A Simple Guide On Using BERT for Binary Text Classification.
The A-to-Z guide on how you can use Google’s BERT for binary text classification tasks. I’ll be aiming to explain, as simply and straightforwardly as possible, how to fine-tune a BERT model (with PyTorch) and use it for a binary text classification task.
Update Notice II
Please consider using the Simple Transformers library as it is easy to use, feature-packed, and regularly updated. The article still stands as a reference to BERT models and is likely to be helpful with understanding how BERT works. However, Simple Transformers offers a lot more features, much more straightforward tuning options, all the while being quick and easy to use! The links below should help you get started quickly.
- Binary Classification
- Multi-Class Classification
- Multi-Label Classification
- Named Entity Recognition (Part-of-Speech Tagging)
- Question Answering
- Sentence-Pair Tasks and Regression
- Conversational AI
- Language Model Fine-Tuning
- ELECTRA and Language Model Training from Scratch
- Visualising Model Training
Update Notice I
In light of the update to the library used in this article (HuggingFace updated the
pytorch-pretrained-bert library to
pytorch-transformers), I have written a new guide as well as a new repo. If you are starting out with Transformer models, I recommend using those as the code has been cleaned up both on my end and in the Pytorch-Transformers library, greatly streamlining the whole process. The new repo also supports XLNet, XLM, and RoBERTa models out of the box, in addition to BERT, as of September 2019.
Let’s talk about what we are going to (and not going to) do.
Before we begin, let me point you towards the github repo containing all the code used in this guide. All code in the repo is included in the guide here, and vice versa. Feel free to refer to it anytime, or clone the repo to follow along with the guide.
If your internet wanderings have led you here, I guess it’s safe to assume that you have heard of BERT, the powerful new language representation model, open-sourced by Google towards the end of 2018. If you haven’t, or if you’d like a refresher, I recommend giving their paper a read as I won’t be going into the technical details of how BERT works. If you are unfamiliar with the Transformer model (or if words like “attention”, “embeddings”, and “encoder-decoder” sound scary), check out this brilliant article by Jay Alammar. You don’t necessarily need to know everything about BERT (or Transformers) to follow the rest of this guide, but the above links should help if you wish to learn more about BERT and Transformers.
Now that we’ve gotten what we won’t do out of the way, let’s dig into what we will do, shall we?

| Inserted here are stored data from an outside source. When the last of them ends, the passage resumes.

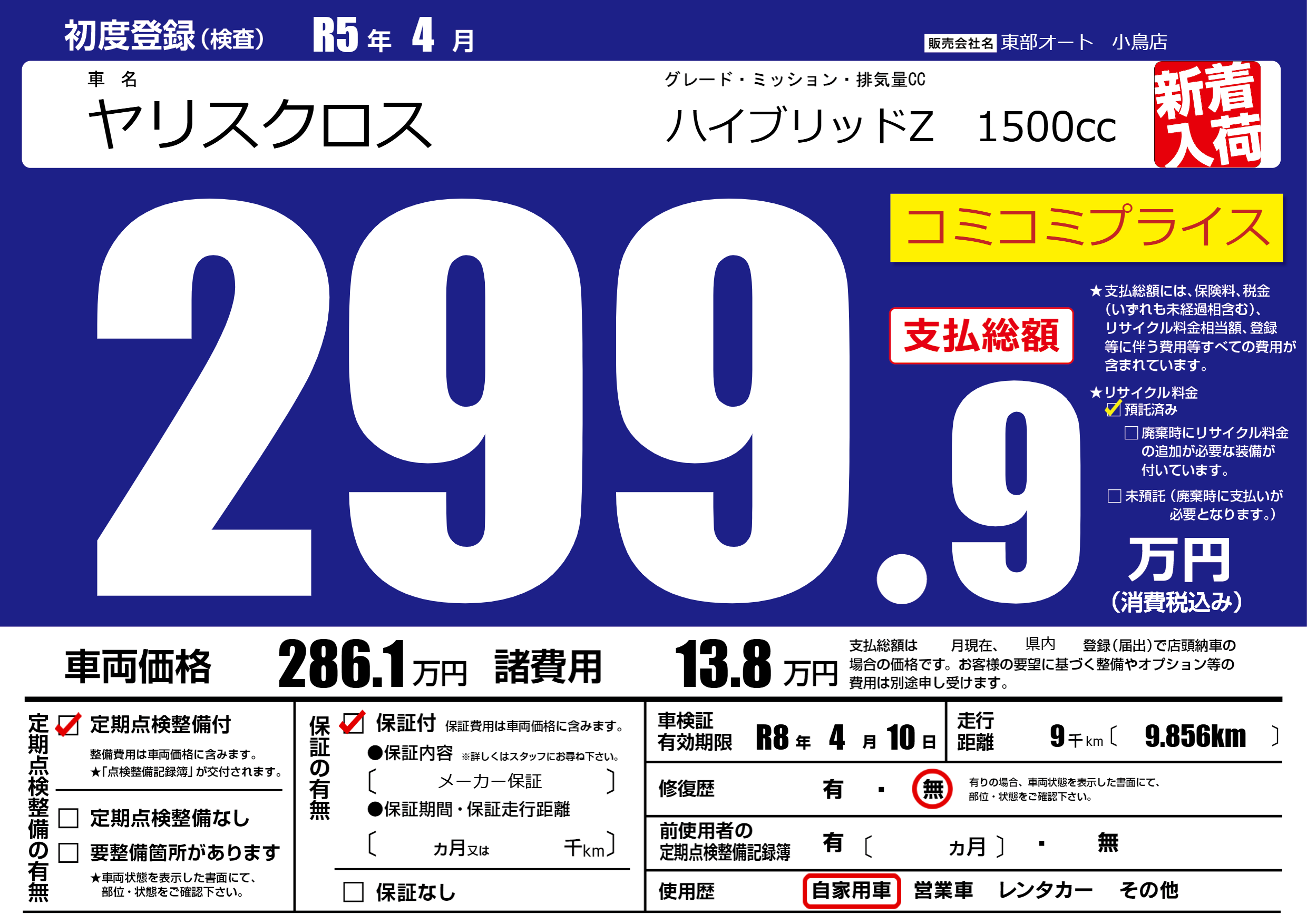 | 車名 | ヤリスクロス | グレード ミッション 排気量 |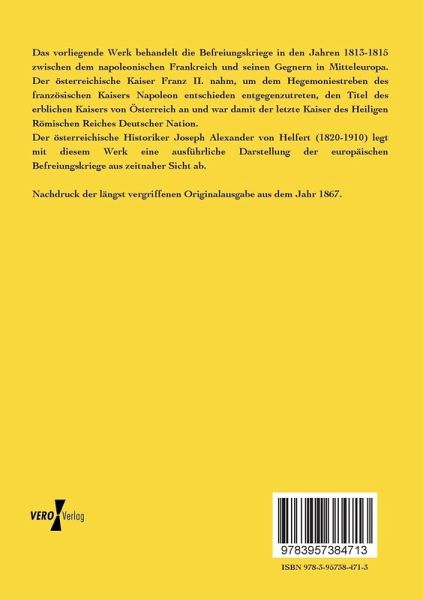 Der österreichische Historiker Joseph Alexander von Helfert (1820-1910) legt mit diesem Werk eine ausführliche Darstellung der europäischen Befreiungskriege aus zeitnaher Sicht ab.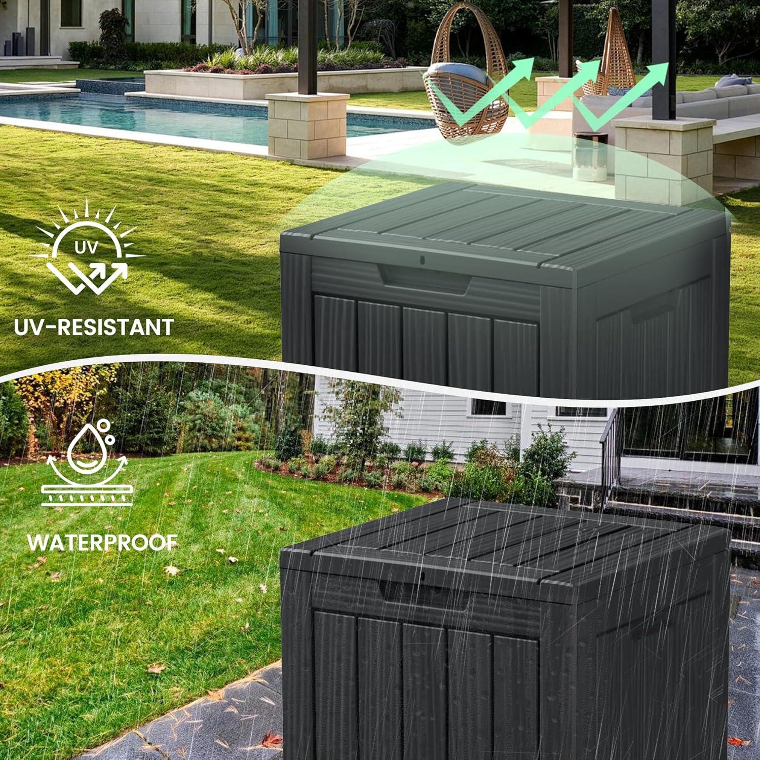 - Aesthetic and Practical: The charming wood grain effect adds a natural aesthetic appeal. UV-resistant and weather-proof, it ensures that items inside remain dry and ventilated, suitable for all outdoor conditions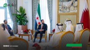 التقى السيد الرئيس أحمد الشرع اليوم في الدوحة صاحب السمو الشيخ تميم بن حمد آل ثاني، أمير دولة قطر، حيث عقد الجانبان اجتماعاً حضره وزير الخارجية والمغتربين السيد أسعد الشيباني، ورئيس مجلس الوزراء وزير الخارجية القطري معالي الشيخ محمد بن عبدالرحمن آل ثاني، وعدد من المسؤولين من كلا البلدين.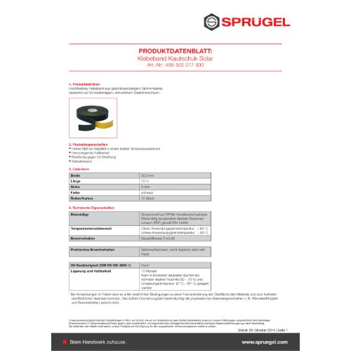 - Temperaturbeständigkeit max.: + 150 (Klebeseite nur bis maximal +85°C einsetzbar) °C,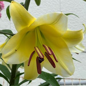 とっても香りの強い百合😊💕 カサブランカの様に大きな花 カサブランカを調べると真っ白いものだけが カサブランカらしい でも、ラベルにレッドカサブランカとかの文字が 名前もどんどん変わっていくのかな? 赤いものは、マンボ 黄色いものは、コンカドール 大きなお花、1年目なので、 背丈は低いですが 存在感は、凄いですね😊💕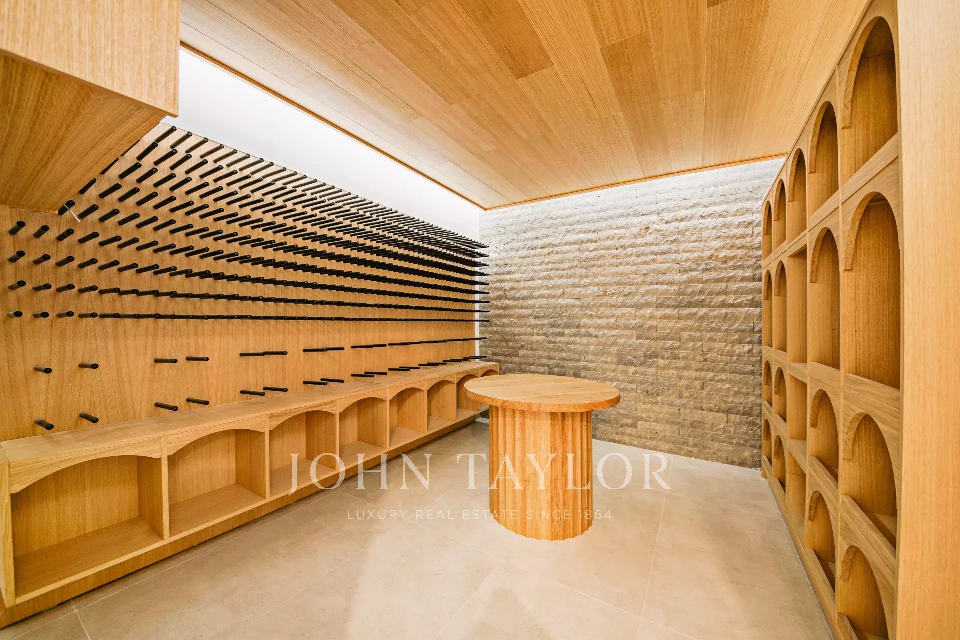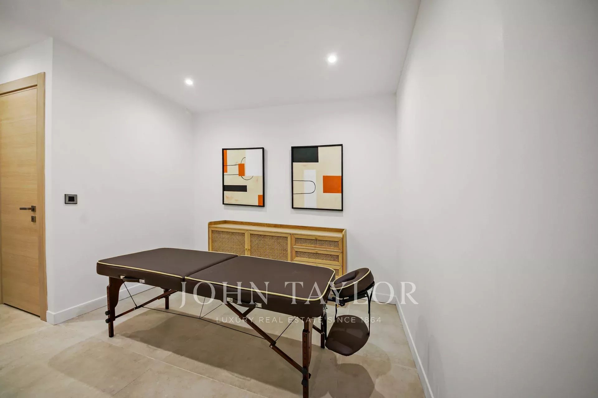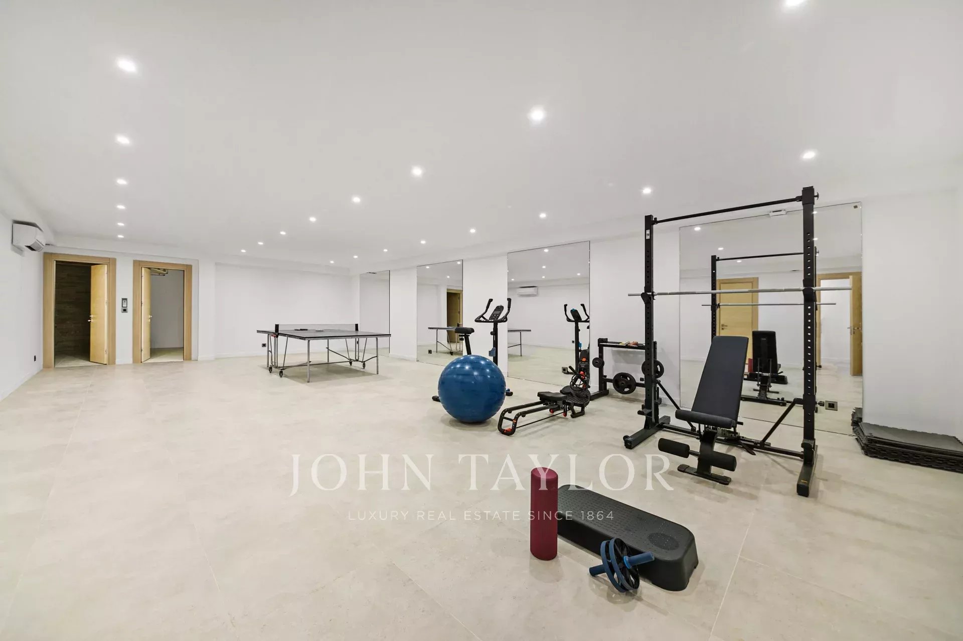 It features a bright living room, four bedrooms, a functional open kitchen, a generous swimming pool and a terrace surrounded by a small garden. The basement houses a gym, a fully equipped wine cellar, a cinema room and a sauna, creating a space dedicated to relaxation and leisure.
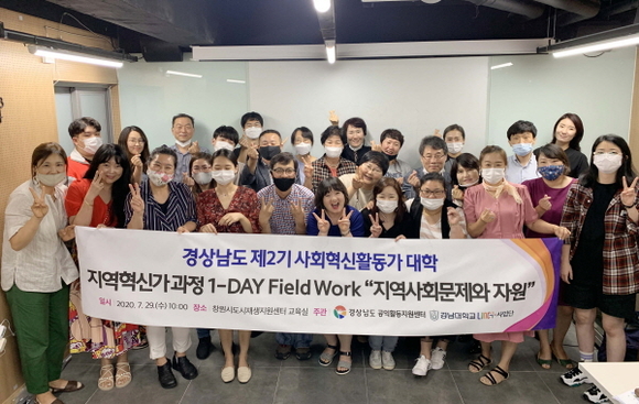 경남도 제2기 사회혁신활동가 대학은 지난 6월 26일 입학식을 시작으로 8월까지 약 2개월간 공통과정 및 단과과정 이수 프로그램이다. 현재 경남대는 ‘지역사회혁신가과정’과 ‘NPO활동가양성과정(여성)의 2개 교육과정을 맡고 있다.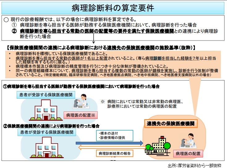 中央社会保険医療協議会は15日の総会で、特定の医療機関に所属しないフリーランスの病理医と連携して病理診断を行うケースでも、2018年度の診療報酬改定で「病理診断料」の算定を新たに認めるべきかを話し合ったが、診療側と支払側の双方から反対意見があり、見送ることになった。【兼松昭夫、君塚靖】

- Getting BERT downloaded and set up. We will be using the PyTorch version provided by the amazing folks at Hugging Face.
- Converting a dataset in the .csv format to the .tsv format that BERT knows and loves.
- Loading the .tsv files into a notebook and converting the text representations to a feature representation (think numerical) that the BERT model can work with.
- Setting up a pretrained BERT model for fine-tuning.
- Fine-tuning a BERT model.
- Evaluating the performance of the BERT model.
One last thing before we dig in, I’ll be using three Jupyter Notebooks for data preparation, training, and evaluation. It’s not strictly necessary, but it felt cleaner to separate those three processes.
2. Getting set up
Time to get BERT up and running.
- Create a virtual environment with the required packages. You can use any package/environment manager, but I’ll be using Conda.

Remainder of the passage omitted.